古着に第二の人生を与える「Main Nué」:洋服の欠陥に可能性を見出すスウェーデン発リペアスタジオ

スウェーデン・ストックホルム滞在中に、「Main Nué(メインニュエ)」に出会った。日本未上陸ブランドである。
手刺繍による装飾や、レトロな雰囲気のアップリケ、一点一点異なる表情を持つパッチワークのジーンズなど、おもちゃを組み合わせたかのような遊び心とハンドメイドならではの温かみを感じるアイテムに思わず心惹かれた。
「Main Nué」は2019年に女性デザイナーデュオによって創設され、今夏に共同創設者の一人が退き、現在はマーヤ・フレイマンが一人でブランドを指揮している。マーヤは、幼い頃からファッションに強い関心を抱いていたという。
現在そんな彼女は、誰かにとってのゴミである古着に、新たな命を吹き込む創造主になっている。「Main Nué」の誕生から、循環型ビジネスモデルの仕組み、ファッションとは異なる分野へと向かう最終的なゴールなど、マーヤに活動のすべてを聞いた。
PROFILE|プロフィール
マーヤ・フレイマン(Maja Freiman)
マーヤ・フレイマン(Maja Freiman)

Main Nué 共同創設者

古い洋服に新たな命を吹き込むこと

まずは、「Main Nué」というブランド名の由来について教えてください。
リペアのデザインスタジオとして生まれたブランド名の由来は、そのコンセプトを想起させる名前にしたいという想いによるものです。活動の中核である、手やハンドメイドに関連するワードであることも重要でした。
手を意味するさまざまな言語をリサーチし始め、フランス語の“マン(Main)”に辿り着きました。それから、“素手で作られた”という意味を念頭に置いて、フランス語で素手や裸を意味する“ニュエ(Nué)”を組み合わせて完成したのです。
リペア・リメイクのアイディアはどこから生まれたのでしょうか。
リペア・リメイクをベースにビジネスを始めようという考えは、おそらく幼少期の経験が関係しています。

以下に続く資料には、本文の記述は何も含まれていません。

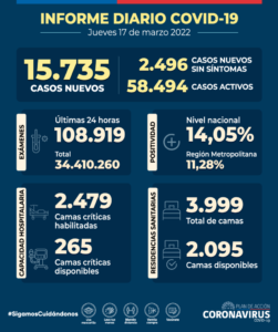 El Ministerio de Salud informa 15.735 casos nuevos de COVID-19, con una positividad de 14,05% en las últimas 24 horas a nivel nacional, con 108.919 exámenes, PCR y test de antígeno. La positividad diaria en la Región Metropolitana es de 11,28%.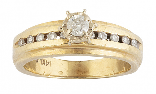 211. Sortija con brillante central elevado, con diez brillantes engastados en carril decorando el aro de la montura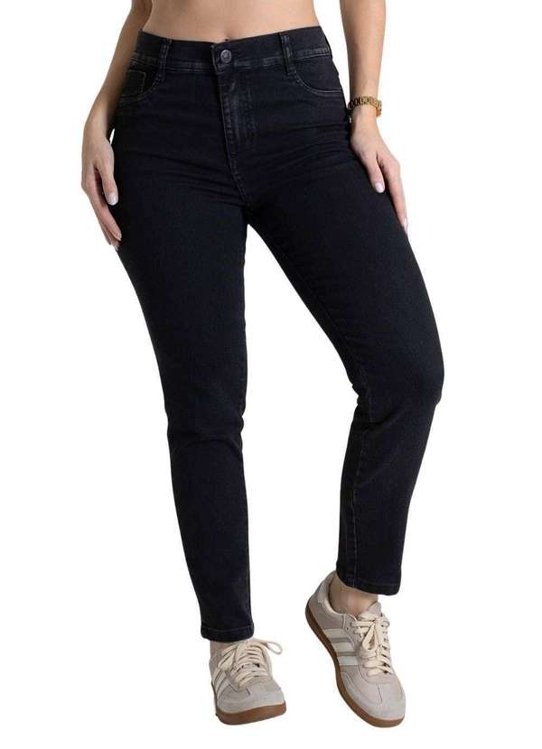Calça skinny confeccionada jeans. A modelagem é com caimento super ajustado ao corpo Cintura alta Fechamento com botão metálico e zíper Bolsos frontais falsos e bolsos traseiros funcionais Barra simples Modelagem: Skinny Tecido: Jeans Tipo de lavagem: color Cor: pretaComposição: 75% ALGODÃO 22% POLIÉSTER 3% ELASTANO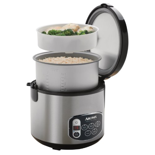 This digital rice cooker from Aroma makes perfect rice, soups, stews and even steams meat and vegetables while simultaneously cooking rice. It flawlessly prepares up to 20 cups of any type of cooked rice (10-cups uncooked), with …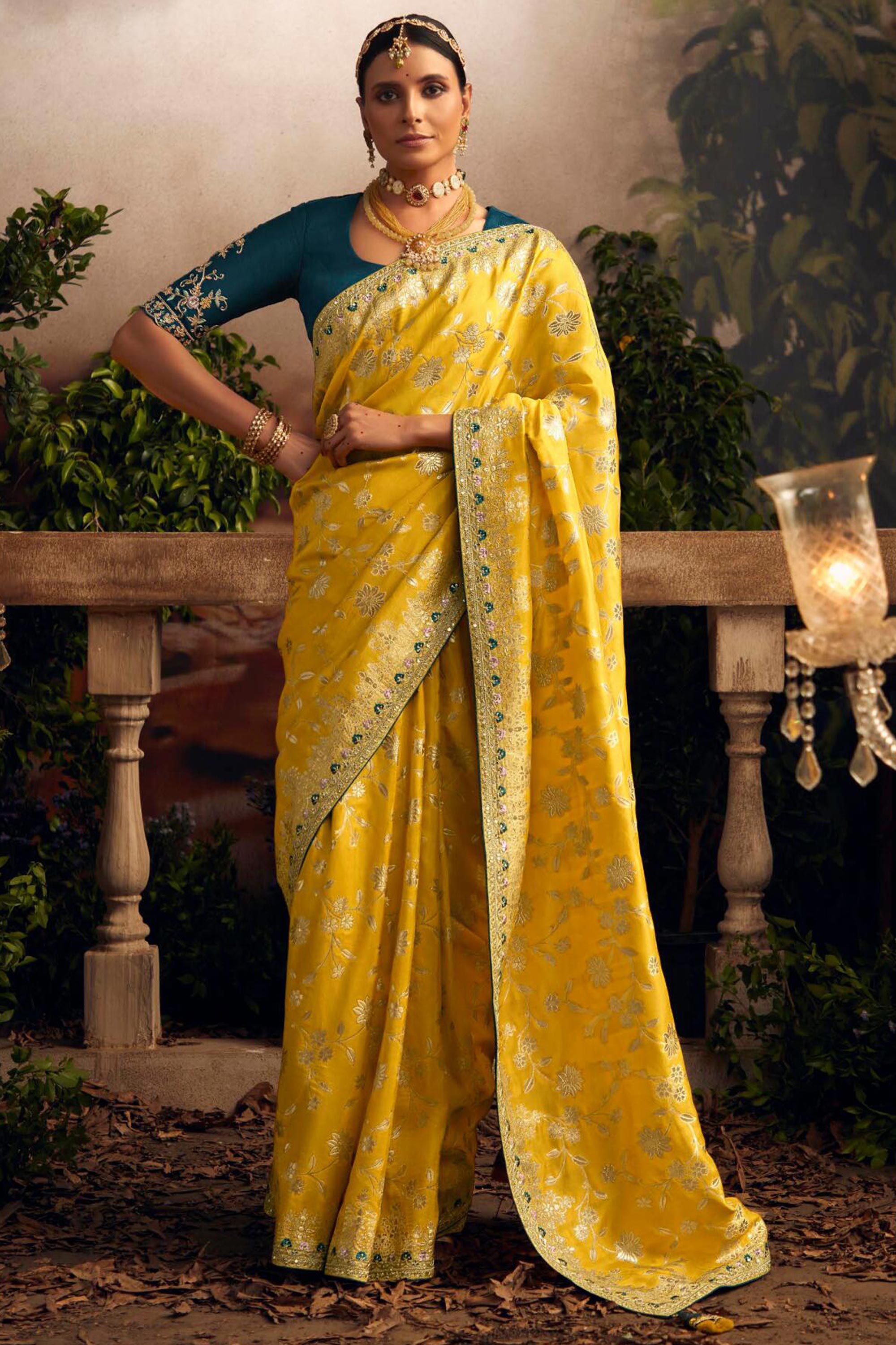 Yellow Color Dola Silk Fabric Weaving Work Saree With Contrast Blouse
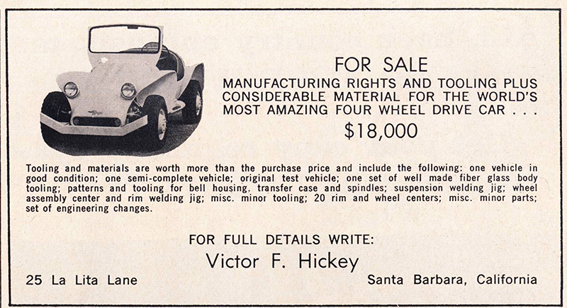 I ran across this unusual ad for the complete setup for an unusual 4×4 in the February 1964 issue of Four Wheeler Magazine. The prototypes and parts were being sold by Vic Hickey (or he was acting as an agent). Anyone have more information on this? It appears to be a four wheel drive dune buggy.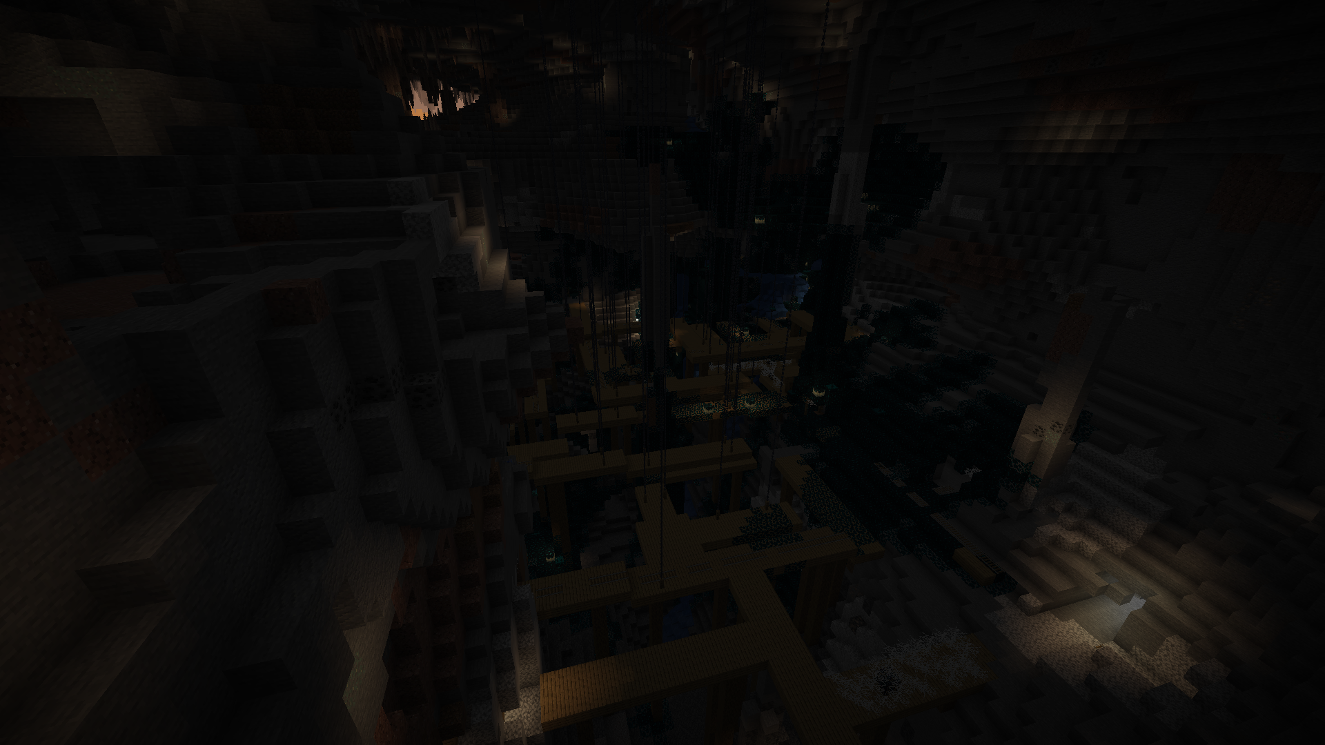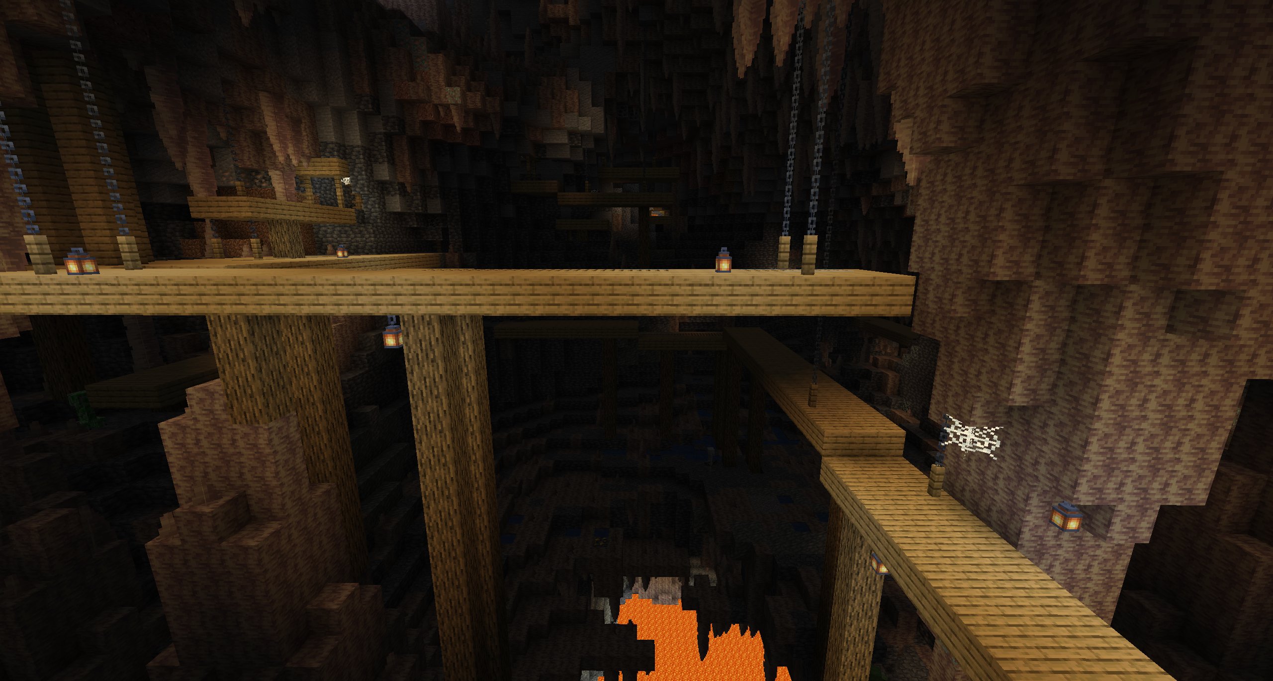 A mineshaft generating across a large cave.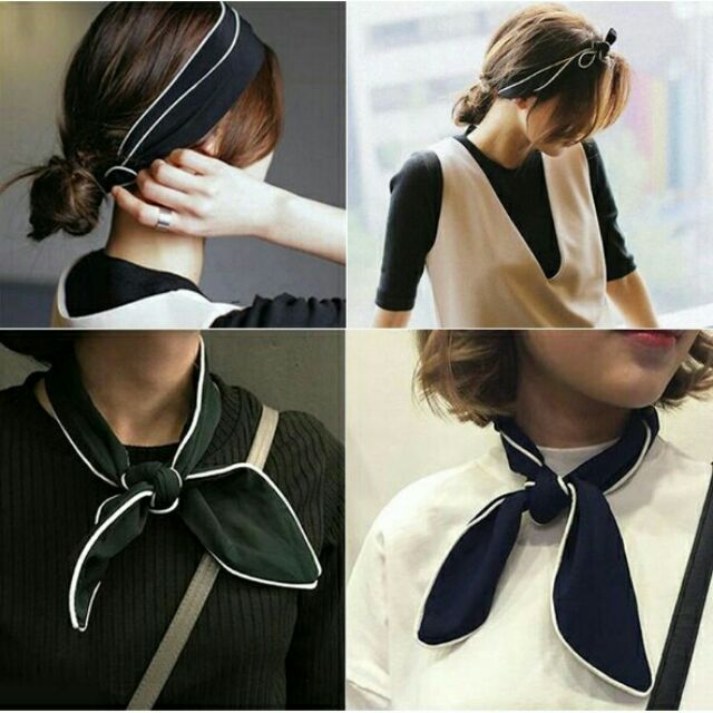 ผ้าผูกคอ+ผ้าผูกผมสีพื้น สไตล์เกาหลี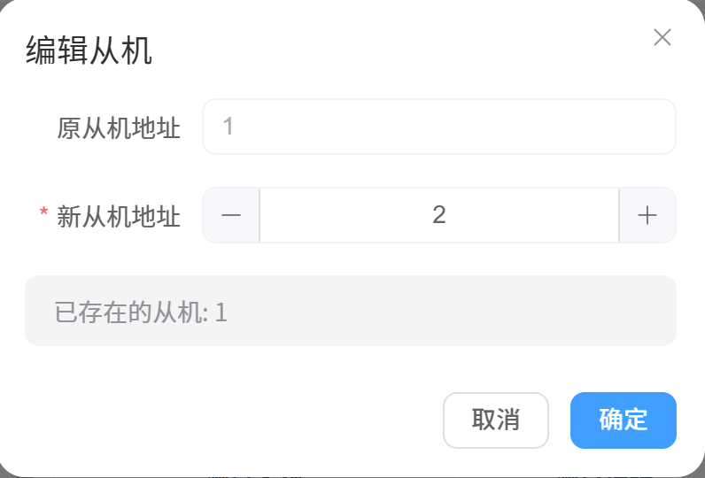 点击界面中的添加从机按钮,在弹出的表单中填写从机地址。填写完毕后点击“确定”即可完成从机的添加。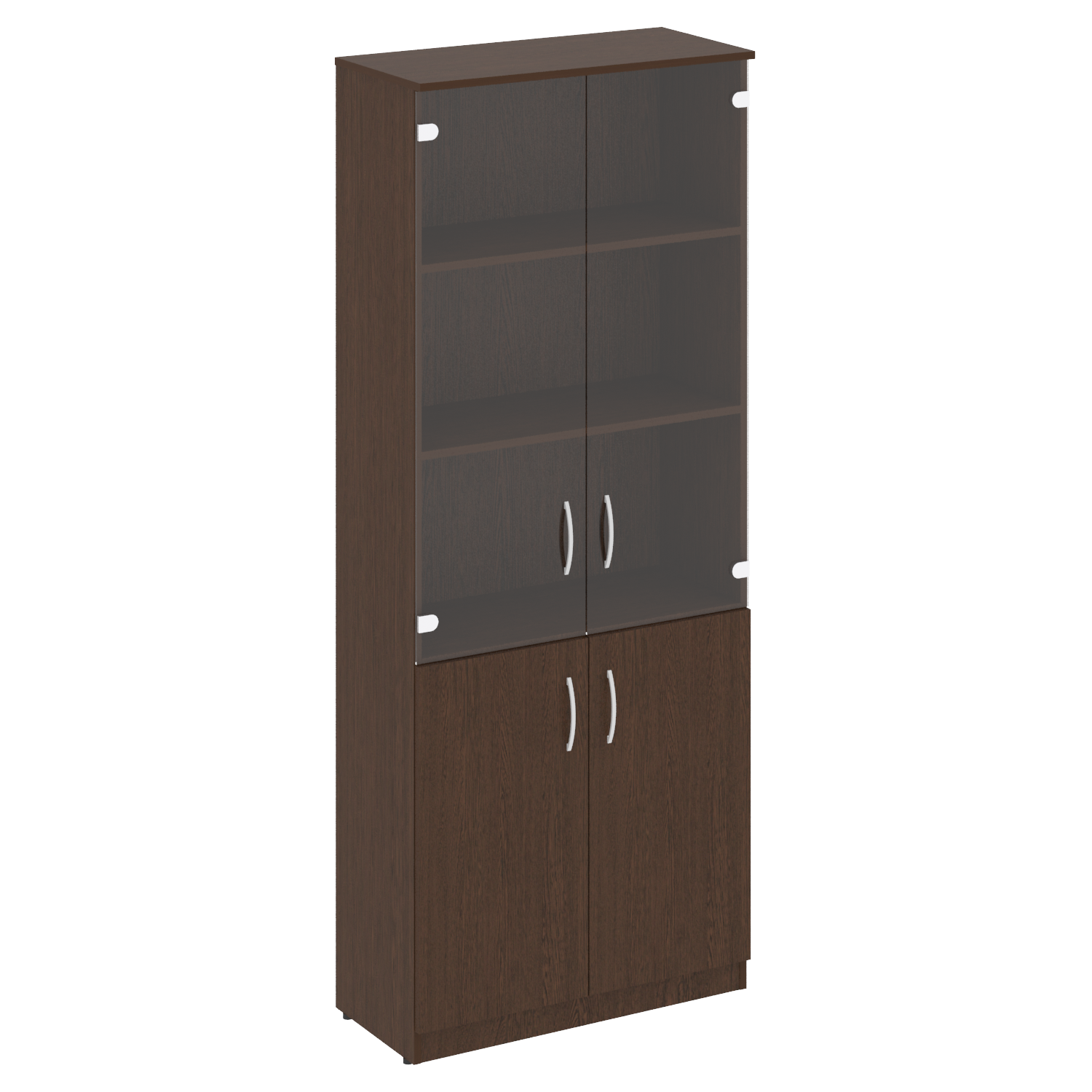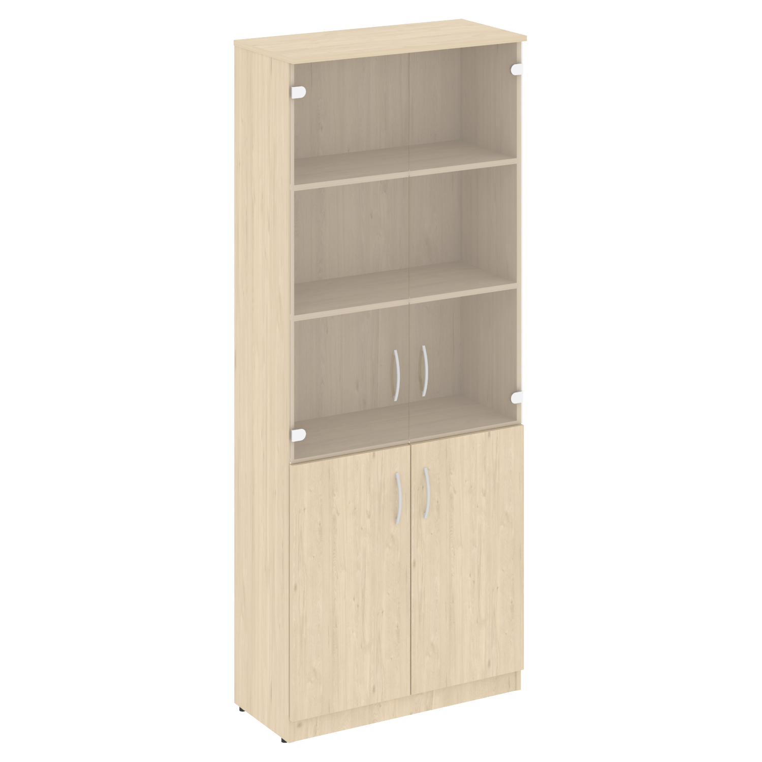 Этот модельный шкаф идеально подойдет для офисного пространства. Он выполнен из качественного ламинированного ДСП в светло-сером цвете. Шкаф имеет высокую и широкую конструкцию с двумя нижними дверями и двумя средними дверями со стеклянным вставками. Он имеет высокую надежность и долговечность. Шкаф имеет размеры 770 х 360 х 360 мм. Он прекрасно дополнит любой интерьер и предоставит дополнительное пространство для хранения.

私は常にファッションに興味があり、子どもの頃は学校に着ていきたい服装について明確なアイディアを持っていたのを覚えています。
そこで、母がクローゼットに保管していた古着をリメイクして、雑誌で見たものに似た洋服を作り始めました。当時はリメイクやアップサイクルという意識はなく、手に入る素材をそのまま利用していただけなんですけどね。
その後、スウェーデン繊維学校でファッションを学び始めてからは、より伝統的な方法で縫製と洋服の作り方を学ぼうと熱心に取り組みましたが、自分が十分に上達しているとは決して感じませんでした。
それよりも、ものづくりの技術に興味を持ち、縦糸に直接布を織り込み、既存の洋服の形を変えるプロジェクトに着手しました。そのときに、私は自分がやっていることは洋服を繕うことの一種であることに気づいたんです。
それからあらゆる種類の修理に非常に興味を持つようになり、私の卒業論文や文集はもっぱら修理に焦点を当てたものでした。
リペア・リメイクのスタジオとして創設し、コレクションを展開し始めたのはいつからですか?
実際にはその逆なんです。修理のコンセプトをどのように形にできるかを探るために、まずはコレクションの製作を開始しました。
コレクションを構築することで、顧客に提示できる表現の幅を広げることができ、約1年前からリペアサービスを提供するようになったんです。
リペアに需要があることに気づいてからは、ブランドとしてよりユニークになり、私自身も人々の古い洋服に新たな命を吹き込むことにもっともやりがいを感じられ、重点を置き始めるようになりました。

直感がすべて

どのようにして古着や廃棄布、ボタンやアップリケといった素材を収集しているのでしょうか。また、その際の判断基準についても教えてください。
元共同創設者アルバと私は以前、会社に所属して中古品の調達に取り組んでいました。寄付された古着が分類され、価値が判断され、店舗で販売するために梱包されるまでの流通に携わっていたのです。
穴や汚れなどの欠陥により、多くの良質で高品質の素材が無駄になるのを長年目の当たりにしてきました。現在「Main Nué」で扱っている古着や素材は、私達がそれぞれの職場で保存してきたものです。
そのおかげで素材のストックをかなり増やせましたが、これ以外にも新たに寄付された古着もたくさんあります。誰もが処分したいものを持っており、そこから何かを生み出してほしいと願う人もいることにとても感謝しています。
素材を調達する際の焦点は、品質と欠陥が何であるかということ。リメイクの主題は異なるさまざまな手法で修復することであるため、破損や欠陥状態を確認することは非常に重要であり、もっとも興味深いプロセスでもあります。ここは、直感がすべてなのです。
さらに、コレクションで製作中だったり、顧客のために修理したりしている洋服を補完するために、特定の色や素材を探すこともあります。